From the line with "25、回到桌面,右键桌面上的" down to the final line of the material, please transcribe everything exactly, but leave the pictures out.

→ **DATA EXCERPT**
--------------------
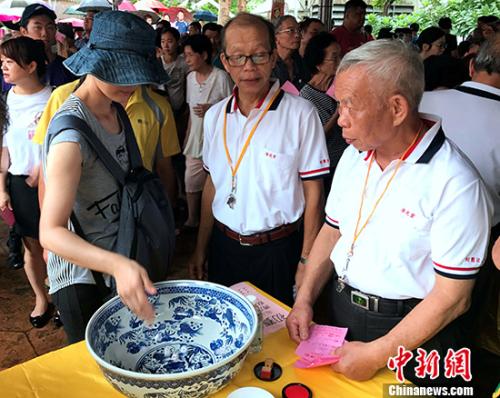 9月24日一早,一場中秋博餅比賽在臺北葫蘆堵海光宮前舉行,一張張木桌中間擺上大瓷碗,參與的人們相繼擲出骰子,期待“中狀元”。這一從福建傳入、于臺灣離島及中南部地區(qū)盛行的趣味競賽,據(jù)傳來自鄭成功當年收復(fù)臺灣后,部將為安撫福建一帶士兵思鄉(xiāng)之情,設(shè)立的一項中秋活動。
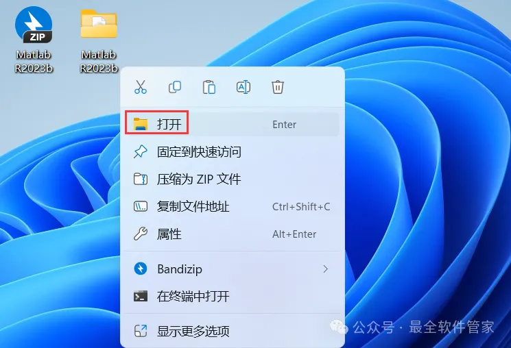 25、回到桌面,右键桌面上的【Matlab R2023b软件图标】,点击【打开】
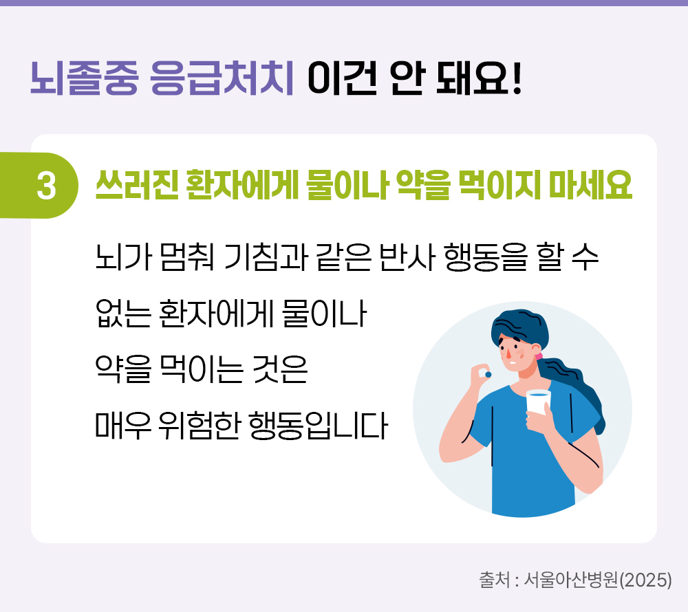 쓰러진 환자에게 물이나 약을 먹이는 경우도 있는데요. 뇌가 멈춰 기침과 같은 반사 행동을 할 수 없는 환자에게 이와 같은 행동은 매우 위험하니 주의가 필요합니다! (출처: 서울아산병원, 2025)
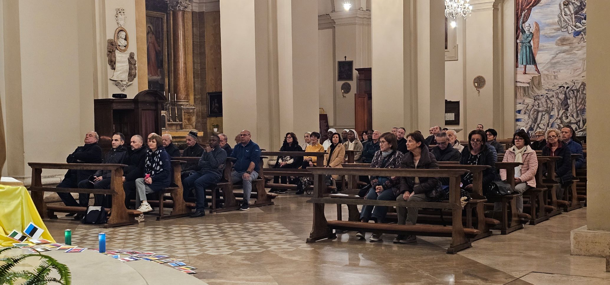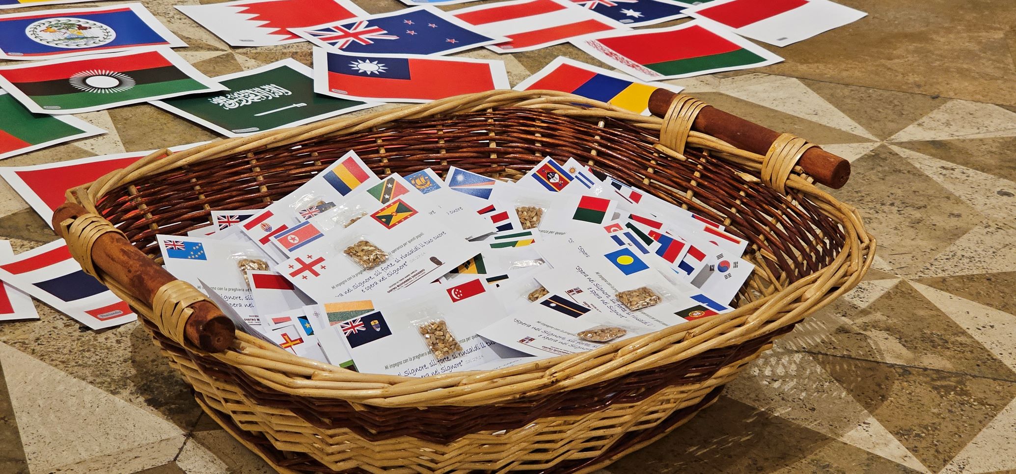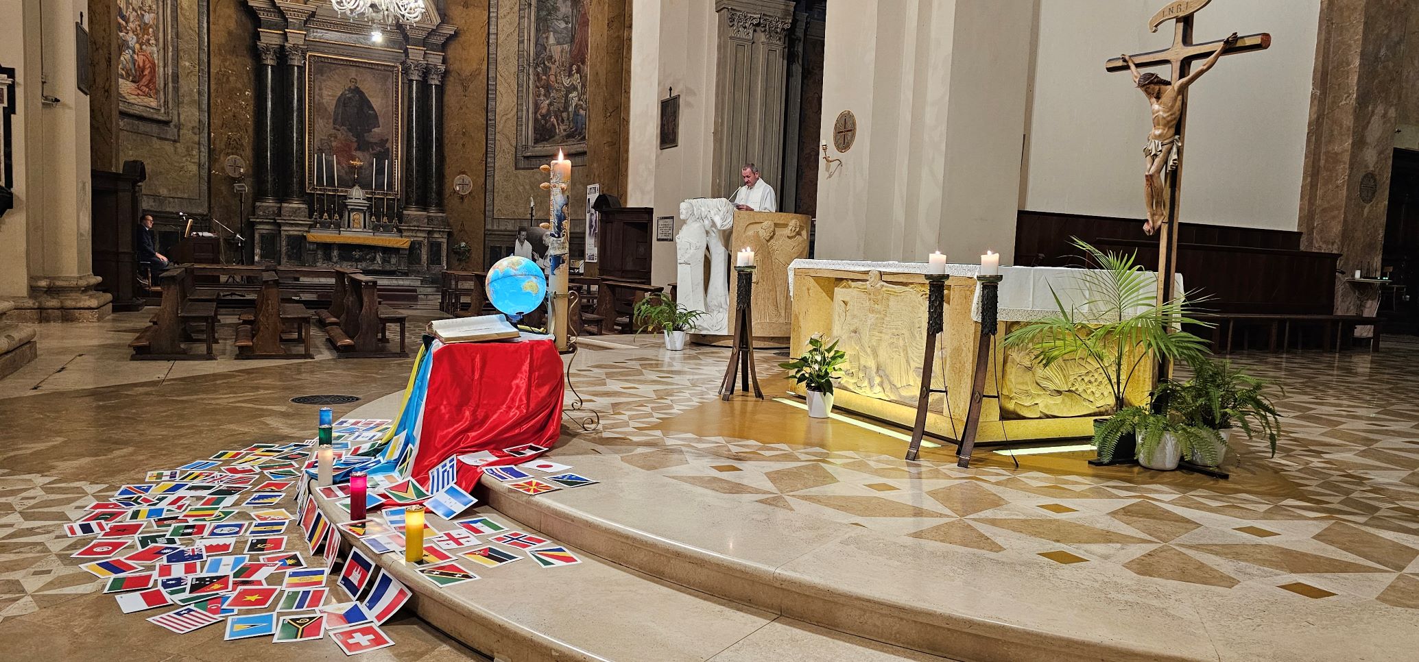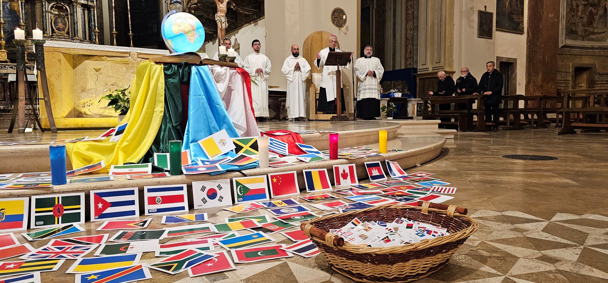 La veglia scandita da canti, ascolto della Parola di Dio e dalla testimonianza di don Sergio Vandini sacerdote diocesano missionario in Congo per circa 20 anni. Al termine è stata consegnata una bustina contenente dei semi di grano e in cui è inserita la bandiera di uno dei Paesi del mondo. Questi semi saranno segni veri di speranza per tutta l’umanità, fino agli estremi confini della terra, se continueremo a rimanere uniti nella preghiera e nell’impegno per la pace e capaci di gesti concreti di carità e amore tra noi e per tutti i popoli della terra. La bandiera ci invita pregare per quel popolo, informandoci anche sulle sue sofferenze, gioie e speranze.
--------------------
→ **OUTPUT FOR THIS EXERCISE**
 25、回到桌面,右键桌面上的【Matlab R2023b软件图标】,点击【打开】
 쓰러진 환자에게 물이나 약을 먹이는 경우도 있는데요. 뇌가 멈춰 기침과 같은 반사 행동을 할 수 없는 환자에게 이와 같은 행동은 매우 위험하니 주의가 필요합니다! (출처: 서울아산병원, 2025)
 La veglia scandita da canti, ascolto della Parola di Dio e dalla testimonianza di don Sergio Vandini sacerdote diocesano missionario in Congo per circa 20 anni. Al termine è stata consegnata una bustina contenente dei semi di grano e in cui è inserita la bandiera di uno dei Paesi del mondo. Questi semi saranno segni veri di speranza per tutta l’umanità, fino agli estremi confini della terra, se continueremo a rimanere uniti nella preghiera e nell’impegno per la pace e capaci di gesti concreti di carità e amore tra noi e per tutti i popoli della terra. La bandiera ci invita pregare per quel popolo, informandoci anche sulle sue sofferenze, gioie e speranze.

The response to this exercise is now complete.